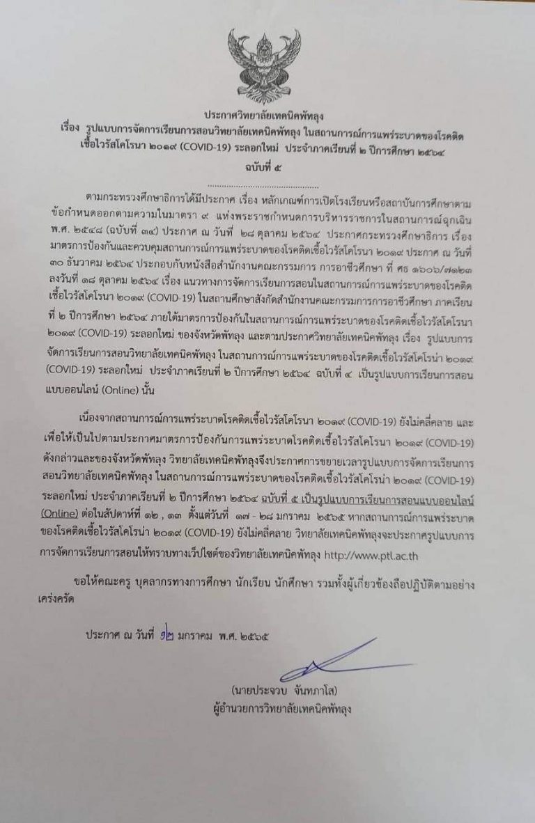 รูปแบบการจัดการเรียนการสอน วิทยาลัยเทคนิคพัทลุง ในสถานการณ์การแพร่ระบาดของโรคติดเชื้อไวรัสโคโรน่า 2019 (COVID-19) ระลอกใหม่ ประจำภาคเรียนที่ 2 ปีการศึกษา 2564 ฉบับที่ 5
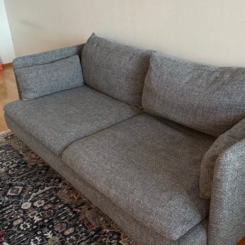 Myynnissä erittäin suuren suosion saavuttanut Ikean Söderhamn sarjan 3:n istuttava sohva, 2 x divaani ja 2 x käsinoja. Tämän kokoista ryhmää erittäin harvoin tarjolla. Ryhmän runko on ehjä. Päällisten väri: Isunda harmaa. Ryhmän kaikki päälliset ovat irroitettavissa pesuun. Runkojen päälliset mukaan lukien. Lisäksi päälliset ovat halutessaan vaihdettavissa. Huomioitavaa päällisten kunnossa: Uutta etsivä voi divaanien istuintyynyissä huomata minimaalisen pientä kyseiselle kankaalle tyypillistä tummumaa. Tämä huomioitu hinnassa. Sohvan hinta: 779e.
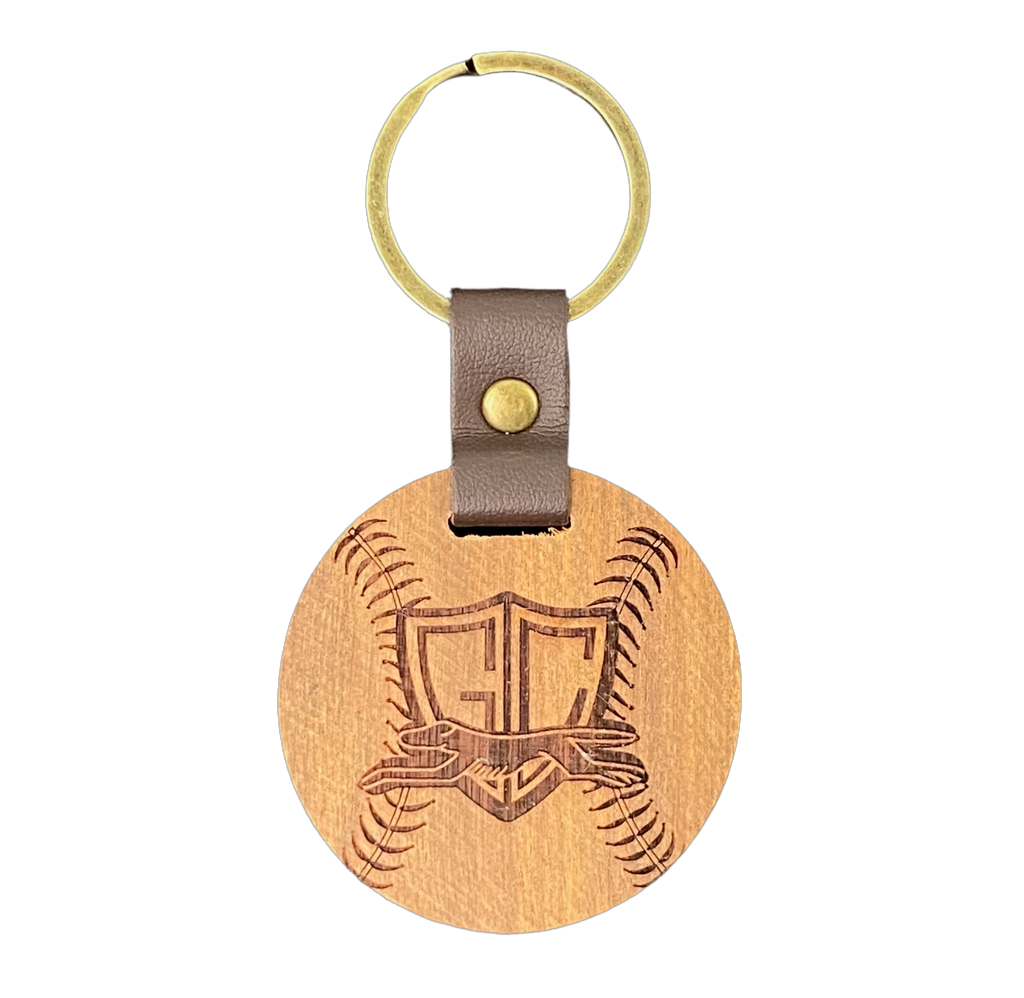 A round keychain with baseball "stitching" and the Grove City Greyhounds shield. Walnut and Vegan Leather.
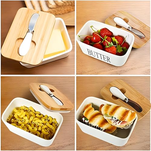 - لا يقتصر استخدام هذا الوعاء على الزبدة فقط، بل يمكنه أيضًا حفظ مجموعة متنوعة من المكونات الأخرى مثل الملح والسكر والتوابل والأعشاب. يتميّز تصميمه الأنيق والبسيط بقدرته على الانسجام بسلاسة مع مختلف البيئات، من المطابخ المنزلية إلى المطاعم الاحترافية، وحتى أماكن العمل.
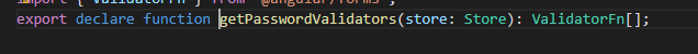 Hi , I get following error and when I check the getPasswordValidators method saw that it expects the Store type object , could you please check it too?
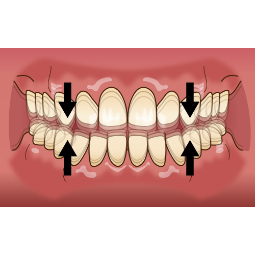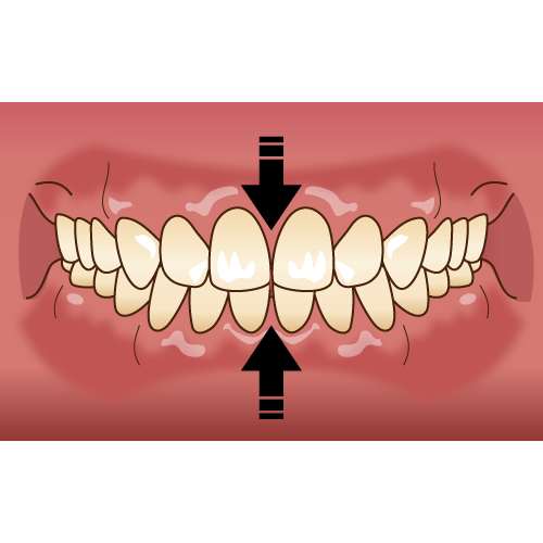上下の歯を強く噛みしめるタイプの歯ぎしり。大きなストレスなどがある時に歯を強く食いしばるのがクレンチング。
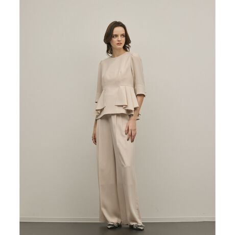 [型番:0126211203]【Japan Fabric】軽さがありながら透けにくいトリアセ高混率のストレッチジョーゼット素材を使用したパンツ。脇に入れたパイピングがポイント。同シリーズでおつくりしたトリアセペプラムトップ【品番:0126241203】のご用意もございます。※こちらのモデル着用画像はサンプル品を撮影しております。実際の商品と仕様、加工、サイズが若干異なる場合がございます。予めご了承くださいませ。
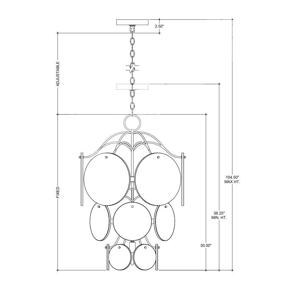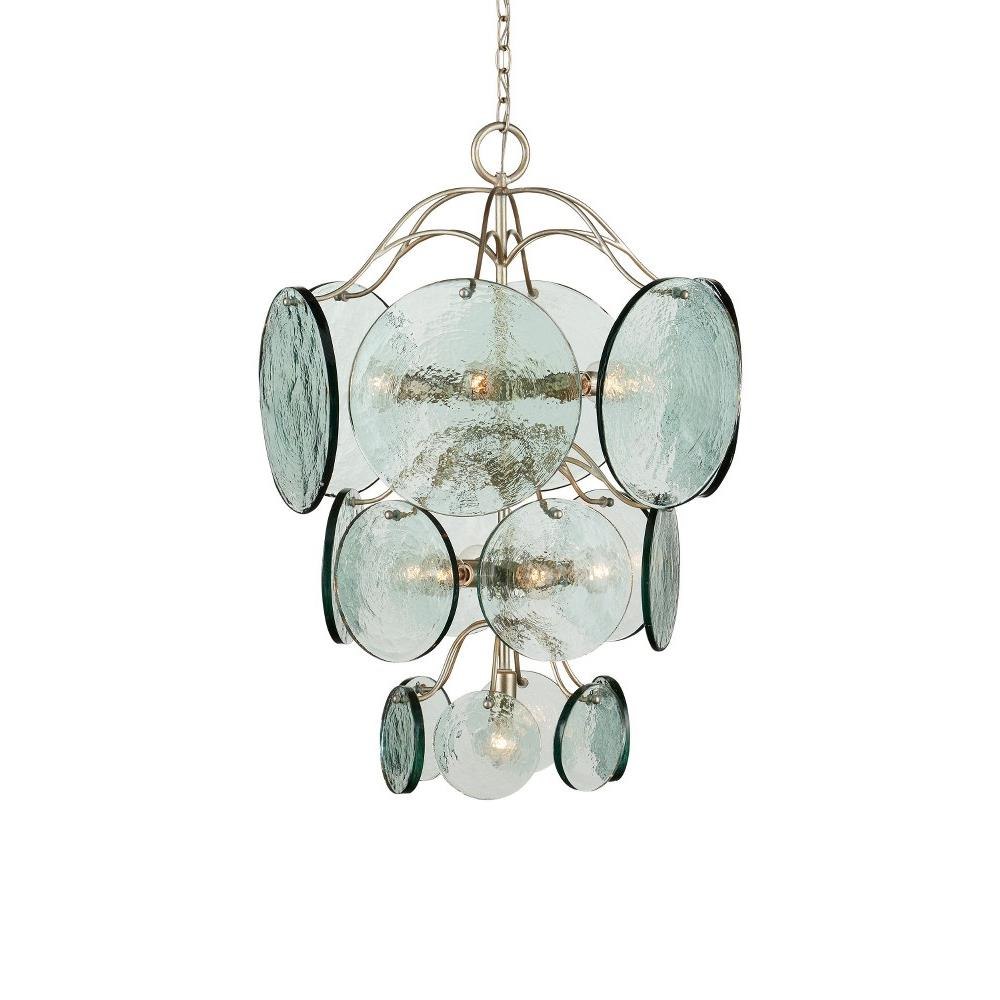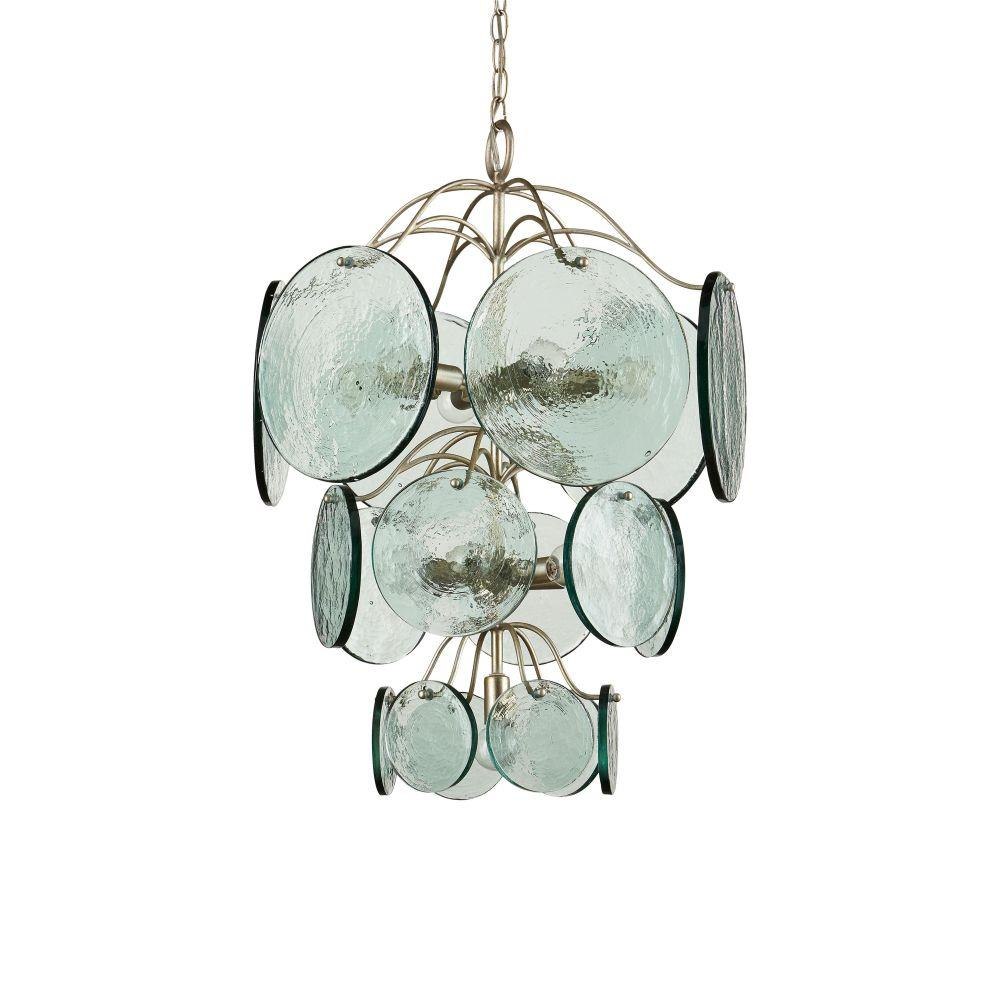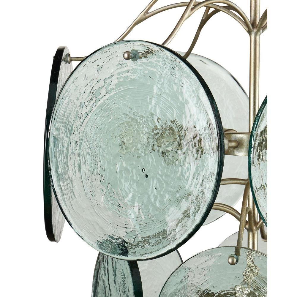 The Rovigo Chandelier has a flowing design created by the wrought iron frame to which discs of recycled glass are attached. The silver leaf finish and the textural mottled glass gleam when the lights are switched on. The silver chandelier has a contemporary feel thanks to the uniform shapes and clean edges of the discs that graduate from larger to smaller as they flow toward the bottom of the fixture.
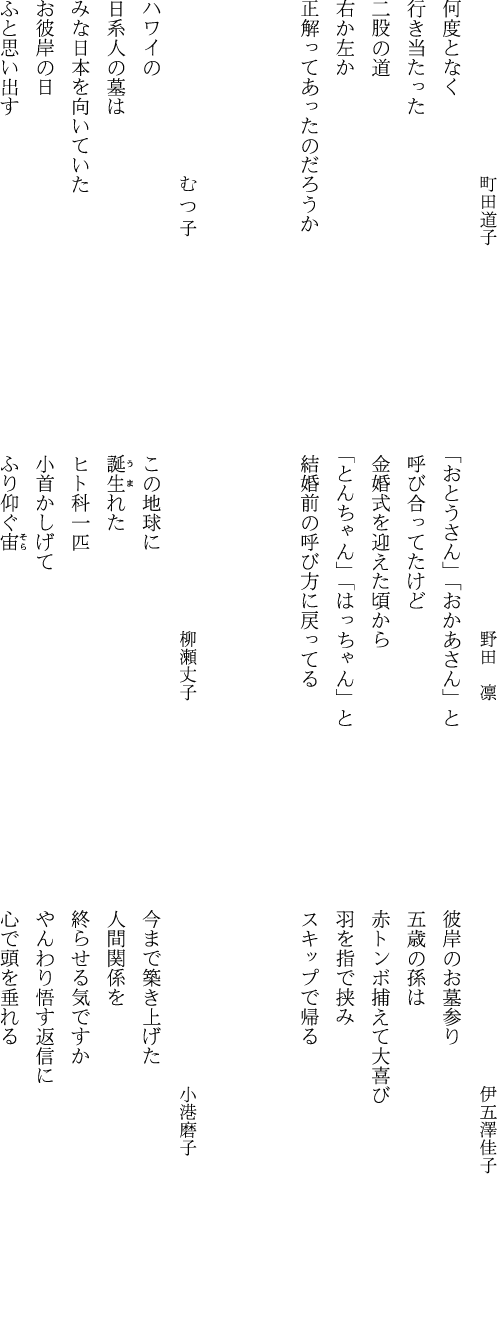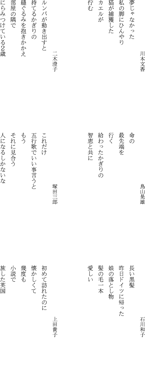 ◆過去の「毎月の五行歌12選」

══════════════════════════════

**Work instruction**.
Set the preceding data down again word for word, omitting images.

**Answer below**.
 รูปแบบการจัดการเรียนการสอน วิทยาลัยเทคนิคพัทลุง ในสถานการณ์การแพร่ระบาดของโรคติดเชื้อไวรัสโคโรน่า 2019 (COVID-19) ระลอกใหม่ ประจำภาคเรียนที่ 2 ปีการศึกษา 2564 ฉบับที่ 5
 Myynnissä erittäin suuren suosion saavuttanut Ikean Söderhamn sarjan 3:n istuttava sohva, 2 x divaani ja 2 x käsinoja. Tämän kokoista ryhmää erittäin harvoin tarjolla. Ryhmän runko on ehjä. Päällisten väri: Isunda harmaa. Ryhmän kaikki päälliset ovat irroitettavissa pesuun. Runkojen päälliset mukaan lukien. Lisäksi päälliset ovat halutessaan vaihdettavissa. Huomioitavaa päällisten kunnossa: Uutta etsivä voi divaanien istuintyynyissä huomata minimaalisen pientä kyseiselle kankaalle tyypillistä tummumaa. Tämä huomioitu hinnassa. Sohvan hinta: 779e.
 A round keychain with baseball "stitching" and the Grove City Greyhounds shield. Walnut and Vegan Leather.
 - لا يقتصر استخدام هذا الوعاء على الزبدة فقط، بل يمكنه أيضًا حفظ مجموعة متنوعة من المكونات الأخرى مثل الملح والسكر والتوابل والأعشاب. يتميّز تصميمه الأنيق والبسيط بقدرته على الانسجام بسلاسة مع مختلف البيئات، من المطابخ المنزلية إلى المطاعم الاحترافية، وحتى أماكن العمل.
 Hi , I get following error and when I check the getPasswordValidators method saw that it expects the Store type object , could you please check it too?
上下の歯を強く噛みしめるタイプの歯ぎしり。大きなストレスなどがある時に歯を強く食いしばるのがクレンチング。
 [型番:0126211203]【Japan Fabric】軽さがありながら透けにくいトリアセ高混率のストレッチジョーゼット素材を使用したパンツ。脇に入れたパイピングがポイント。同シリーズでおつくりしたトリアセペプラムトップ【品番:0126241203】のご用意もございます。※こちらのモデル着用画像はサンプル品を撮影しております。実際の商品と仕様、加工、サイズが若干異なる場合がございます。予めご了承くださいませ。
 The Rovigo Chandelier has a flowing design created by the wrought iron frame to which discs of recycled glass are attached. The silver leaf finish and the textural mottled glass gleam when the lights are switched on. The silver chandelier has a contemporary feel thanks to the uniform shapes and clean edges of the discs that graduate from larger to smaller as they flow toward the bottom of the fixture.
 ◆過去の「毎月の五行歌12選」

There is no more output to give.